* Task prompt *
Before you return the lines below, strip out any images and keep every word as written.

* Collected data *
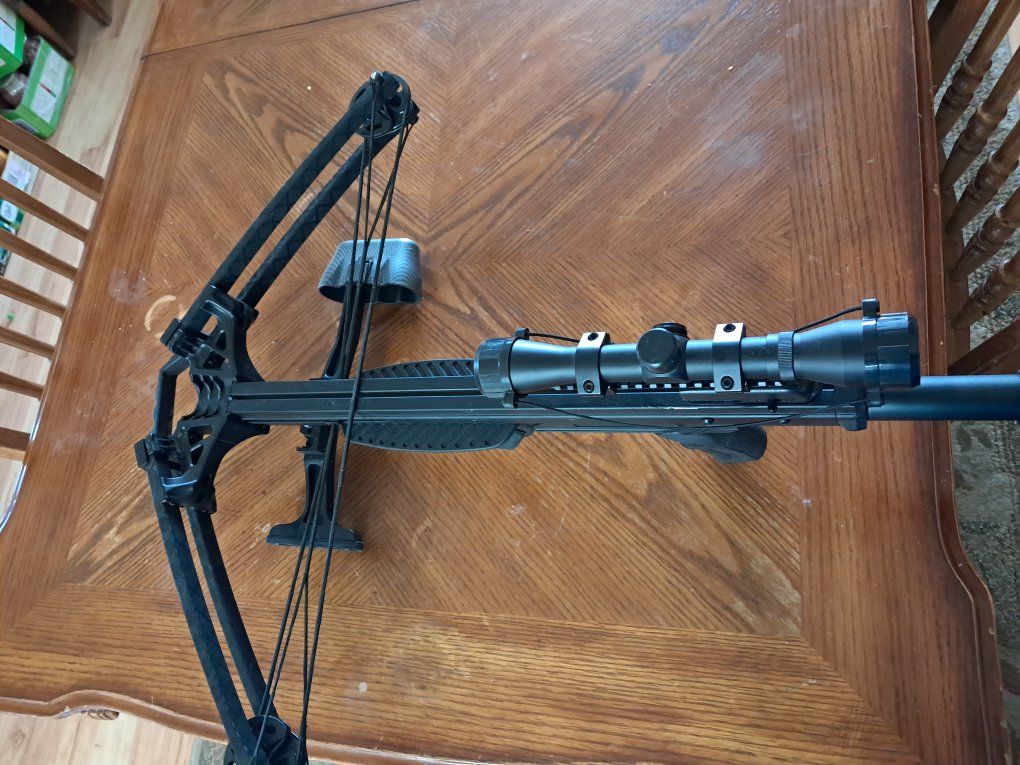 This is a black tactical crossbow. The stock goes in and out like an AR15 stock\n It is a 180 pounds, arrows fly at 410 feet per second, extremely powerful.\n It's brand new, I've only used it 2 or 3 × 2 target practice. Just don't use it enough to keep up, maybe somebody else could Have some fun with it asking 250$ or best offer , please text me with any questions
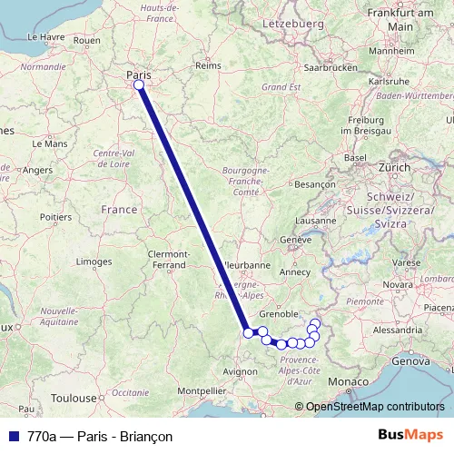 The first stop of the 770a rail route is Paris Austerlitz and the last stop is Briançon. 770a (Paris - Briançon) is operational during tous les jours.
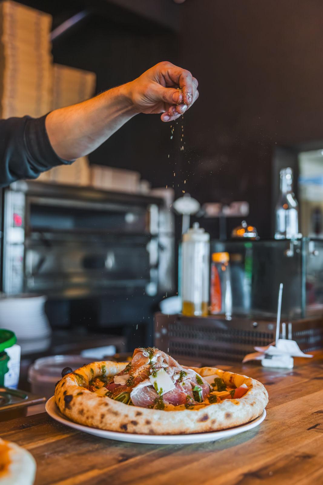 Chez nous, la pizza est une affaire de savoir-faire et de convivialité. Notre pâte maison, la cuisson au four à bois traditionnel et le choix d’ingrédients frais, locaux et soigneusement sélectionnés donnent à chaque recette une saveur authentique.

* Result for this task *
 This is a black tactical crossbow. The stock goes in and out like an AR15 stock\n It is a 180 pounds, arrows fly at 410 feet per second, extremely powerful.\n It's brand new, I've only used it 2 or 3 × 2 target practice. Just don't use it enough to keep up, maybe somebody else could Have some fun with it asking 250$ or best offer , please text me with any questions
 The first stop of the 770a rail route is Paris Austerlitz and the last stop is Briançon. 770a (Paris - Briançon) is operational during tous les jours.
 Chez nous, la pizza est une affaire de savoir-faire et de convivialité. Notre pâte maison, la cuisson au four à bois traditionnel et le choix d’ingrédients frais, locaux et soigneusement sélectionnés donnent à chaque recette une saveur authentique.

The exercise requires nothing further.